Experiment 3 Stimuli
Graspable objects (T1 and T2): comb, cup, fork, frying pan, hammer, jug, paint brush, paint roller, pliers, scissors, screwdriver, spoon, teapot, watering can, wrench.
Nongraspable objects (T1 and T2): book, bookcase, boot, chair, chessboard, clock, desk, drawers, fan, hat, helmet, lamp, mailbox, rug, speaker.
This research was supported by Discovery Project grants DP120102299 and DP160102871 from the Australian Research Council as well as a Future Fellowship (FT0992123) awarded to I. M. Harris.
Reprint requests should be sent to Dr. Irina M. Harris, School of Psychology, Brennan-MacCallum Building A18, University of Sydney NSW 2006, Australia, or via e-mail: email@example.com.

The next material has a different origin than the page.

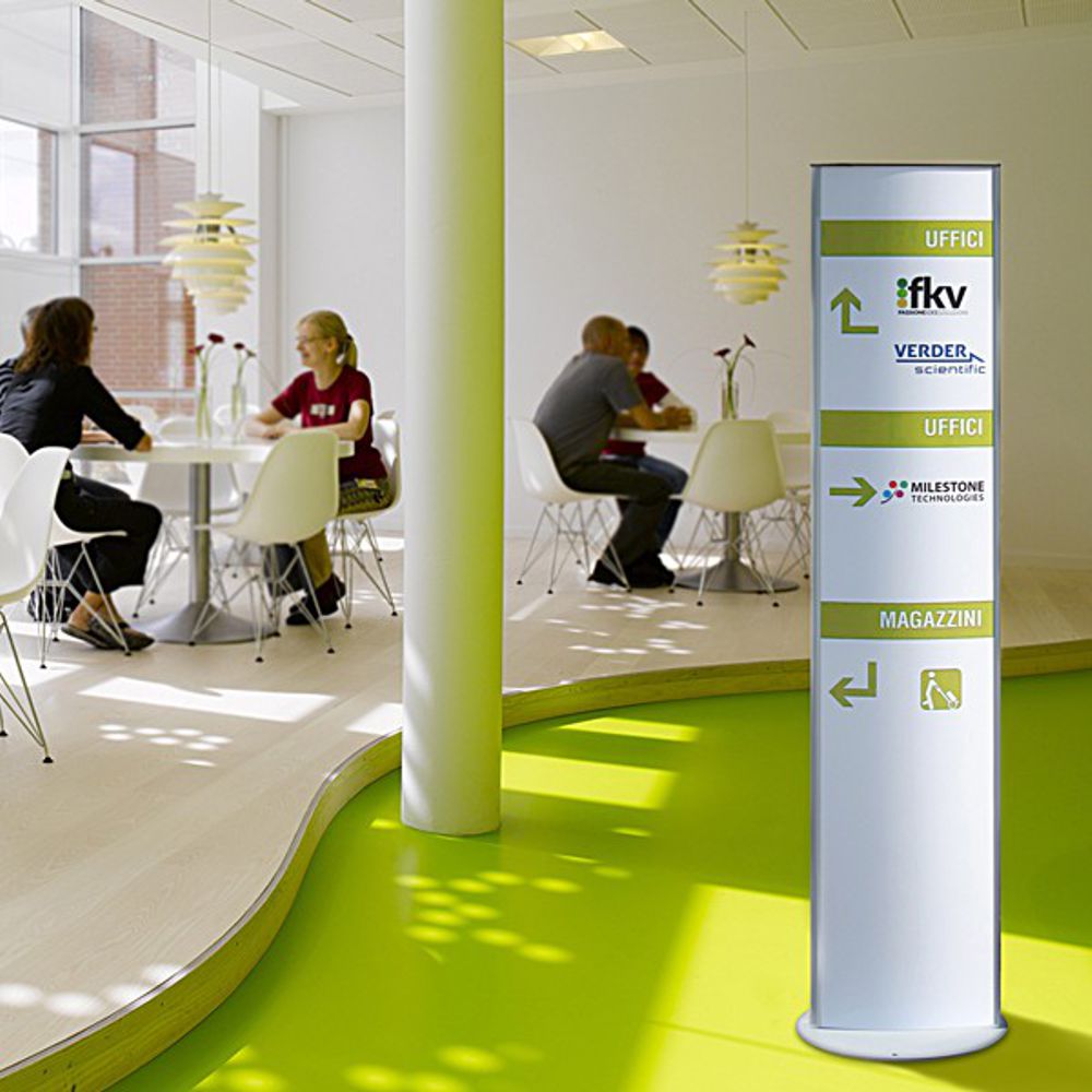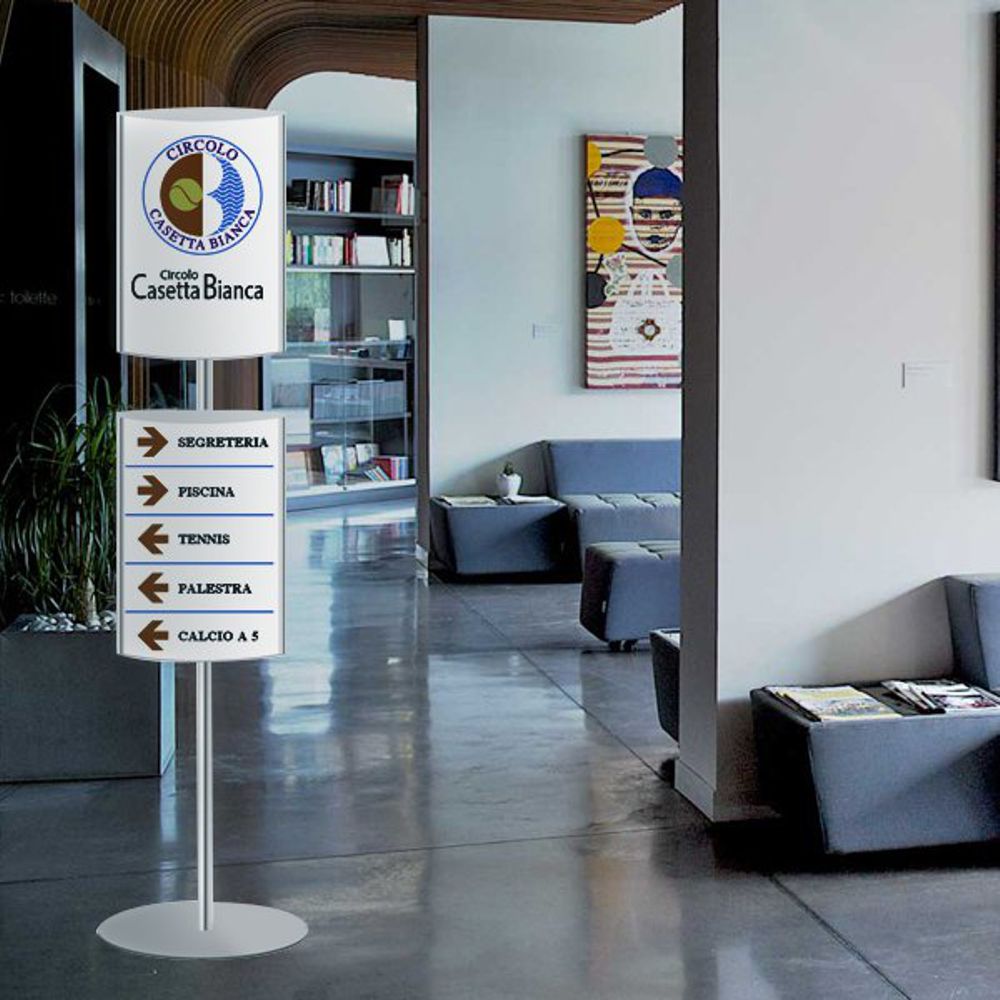 Indicato per esporre messaggi di promozione o anche semplicemente messaggi per indicare la direzione da seguire per raggiungere uffici e piani desiderati, il mini totem può essere utilizzato in locali come showroom, supermercati, sale meeting, sale convegni, ingressi di aziende e in qualsiasi posto dove si ha la necessità di esporre il proprio messaggio.

Here and in subsequent experiments, we used ANOVA to analyze the accuracy data. Although it could be argued that a generalized linear mixed-model analysis might be more appropriate given the nature of the data, we opted to use ANOVA because it has greater currency in this literature and the identification accuracy was not the main focus of this study. Accuracy results were used to verify that participants were able to identify the objects under brief exposure in Experiment 1 and experienced an AB (i.e., accuracy at short SOA lower than that at long SOA) in Experiments 2 and 3. For this purpose, an ANOVA yields accurate information.